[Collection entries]
======

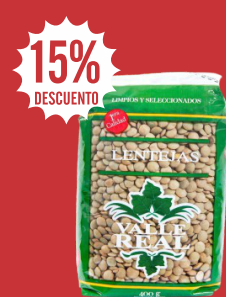
7441057500076 LENTEJAS VALLE REAL 400 GRS
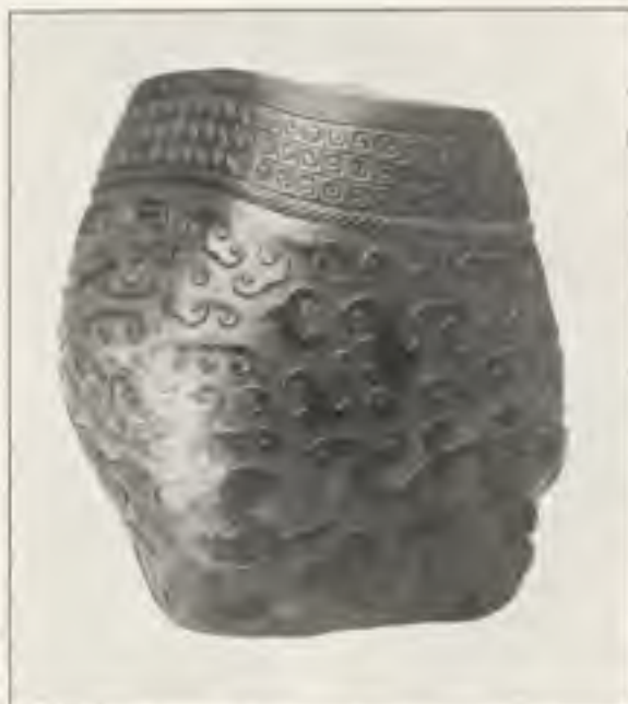
Afb. 2. Han-vaas.
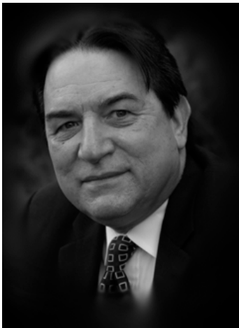
Alfred Lambremont Webre

Pero en muy poco tiempo el hombre va a aprender a usar la teletransportación cuántica y a sacar energía del espacio. Estamos en una era de transición en la que debemos decidir si vamos a la destrucción o a la evolución.
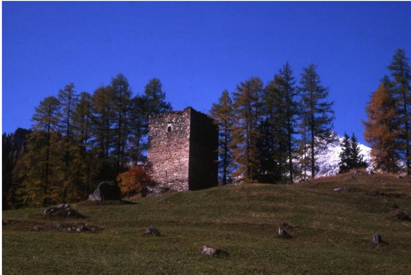
Abb. 2. Der Turm der Burgruine Spliatsch (Sur GR) erhebt sich in einer Schlaufe der Julier-Passstrasse und deutet so auf eine Funktion der Burg hin: Zoll- und Geleitrecht an einem Verkehrsweg.

Burgkapellen als Indiz für sakrale Funktion einer Burg gab es nur auf grösseren Anlagen; teils als selbstständige Baukörper, teils integriert in die Wohnbauten. Vereinzelt erhoben sich Pfarrkirchen im Wehrbezirk grösserer Burgen. Eine Sonderrolle spielten die als Fluchtplätze für die Bevölkerung konzipierten Wehrkirchen des Spätmittelalters sowie die Niederlassungen der Ritterorden, in denen Burg- und Klosterfunktionen vereinigt waren.
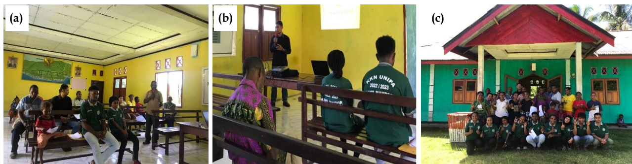
Gambar 11. Presentasi pelaksanaan program kerja oleh peserta KKN ke penduduk kampung (a) sesi tanya jawab ; (b) kata sambutan dan laporan DPL ; (c) foto bersama setelah presentasi.

Selama 36 hari, monev dilakukan oleh DPL sebanyak 3 kali yaitu pada minggu ke-1, minggu ke-3 dan minggu ke-5. Melalui monev, DPL dapat meninjau langsung ke lapangan melihat progress kegiatan sekaligus DPL dapat menanyakan kondisi kesehatan dan mengecek kehadiran mahasiswa. Monev juga bertujuan untuk berdiskusi bersama mahasiswa dan warga kampung, mengevaluasi sejauh mana pelaksanaan kegiatan, mengidentifikasi kendala-kendala serta memberikan usulan-usulan solusi.
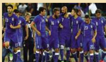
Italia - Francia Calcio: amichevole tra nazionali
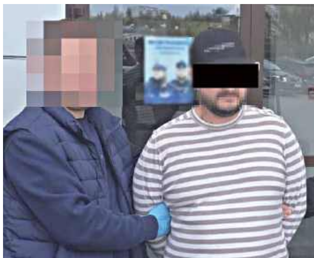
Na miejsce zostali skierowani patrolowcy z VII Komisariatu Policji w Lublinie, którzy szybko zatrzymali mężczyznę. Trafit do policyjnej celi

LUBLIN: 41-latek wypchnął drzwi do plebanii, wszedł do środka, a następnie wypił wino mszalne. Został nakryty przez księdza, którego miał szarpać i zażądać pieniędzy.
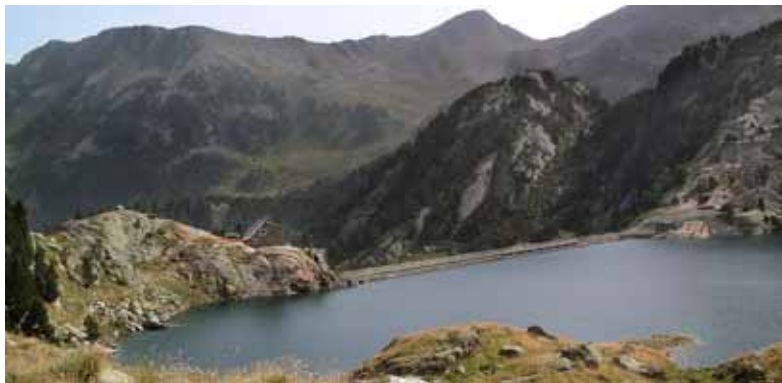
Vista de la presa Major de Colomers, amb una capacitat de 2,3 Hm 3 i una alçada de 25 metres
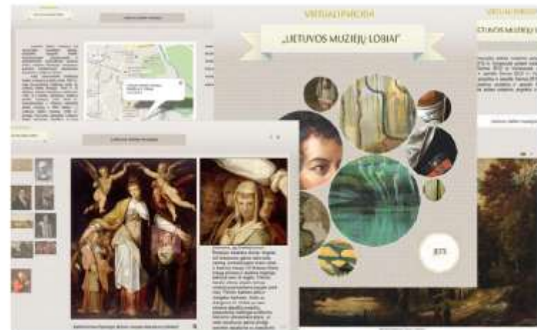
„Lietuvos muziejų lobiai“ naudojimosi instrukcija
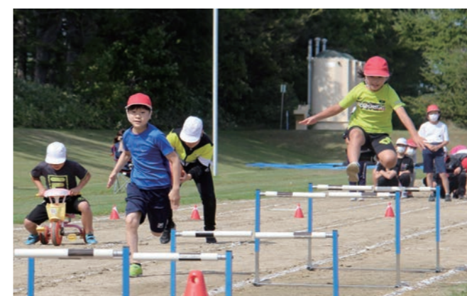
↑ 雄武小学校運動会の様子
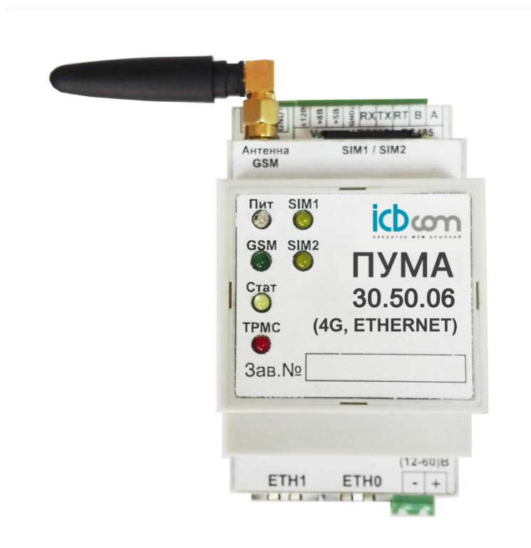
Рисунок 1 - Внешний вид контроллера

Внешний вид контроллера представлен на рис.1.
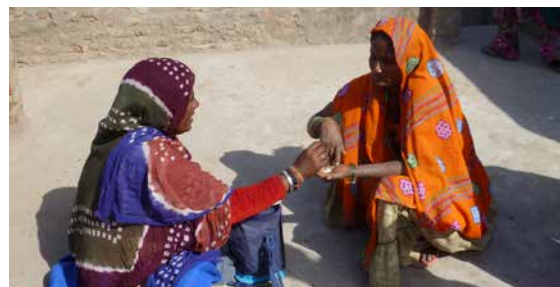
Photo: Une patiente reçoit des médicaments de la trousse de la health worker

Photo ci-dessus: mère et enfant lors de réunion avec les gestionnaires de projet en visite
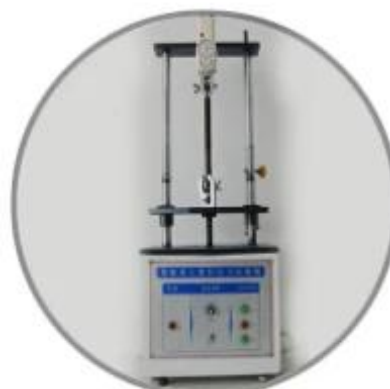
Tensile testing machine

======

## AIM OF THE TASK
Please return every line in the data that includes the string "Внешний".

## WRITTEN REPLY
Рисунок 1 - Внешний вид контроллера
Внешний вид контроллера представлен на рис.1.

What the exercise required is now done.